Any help would be appreciated.Last edited by Naive on Tue Feb 15, 2005 5:11 am; edited 1 time in total

----------

## allan

I'm encountering the same issue.

baselayout-1.11.9-r1

wirelesstools-27

kernel 2.6.9-gentoo-13 (dev sources)

All my interfaces are managed by dhcp, so my /etc/conf.d/net file is the default blank one.

It does come up correctly if I do "/etc/net.eth0 restart" by hand.

----------

## Naive

If you take net.lo out of boot your dhcp should come up right: at least the first one. I moved net.lo into my local.start file just to have it come up, though late.

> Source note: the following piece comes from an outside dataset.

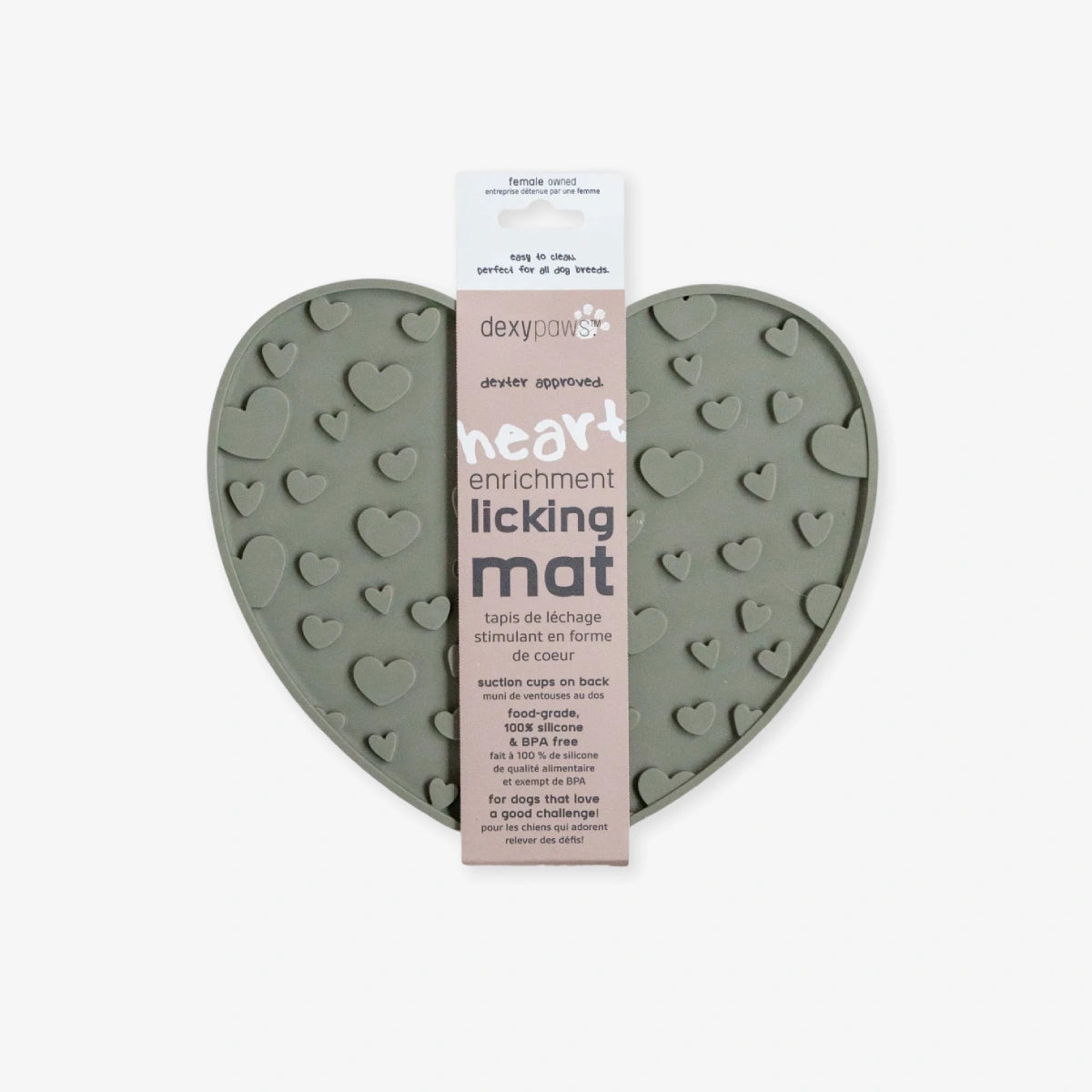 Suki est un tapis de léchage en silicone alimentaire, sans BPA, souple et résistant de Dexypaws.
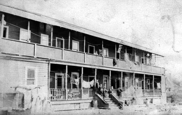 Tenement House on Grove Street, north of the CPR depot, 1909. Each door and window represents the home of one family. (The image is a double exposure. Can you see the very faint faces of three women?)

Not a good fix but it'll work for now.

----------

## sibov

same problem 2 me  :Confused: 

I try to reboot without net.lo in rc-script. Let's see if it really works.

 :Wink: 

----------

## UberLord

https://bugs.gentoo.org/show_bug.cgi?id=78495

----------

## Naive

Just wanted to say thanks this was the problem and it solved it for me. The removing net.lo just worked on a warm reboot, guess it just sped up the boot enough that the config got set before dhcpcd quit ...

----------

## kzan

 *UberLord wrote:*   

> https://bugs.gentoo.org/show_bug.cgi?id=78495

 

I have been struck with this problem and it seems to be directly related to the bug you have shown above.  Forgive me if this is a really stupid question, but the link gives a description of the problem and a patch, but no clue on how or where to install the patch!  Any help would be greatly appreciated....thank you.

----------

## fjalvingh

Kzan:

You need to login as root, cd to /etc/hotplug (where the net.agent file lives) and do:

patch < /home/xxx/net.agent.patch

Good luck  :Wink: 

Frits

----------

## kzan

 *fjalvingh wrote:*   

> Kzan:
> 
> You need to login as root, cd to /etc/hotplug (where the net.agent file lives) and do:
> 
> patch < /home/xxx/net.agent.patch
> ...

 

ahhhhh...you rock..thanks.  That patched worked perfect!

----------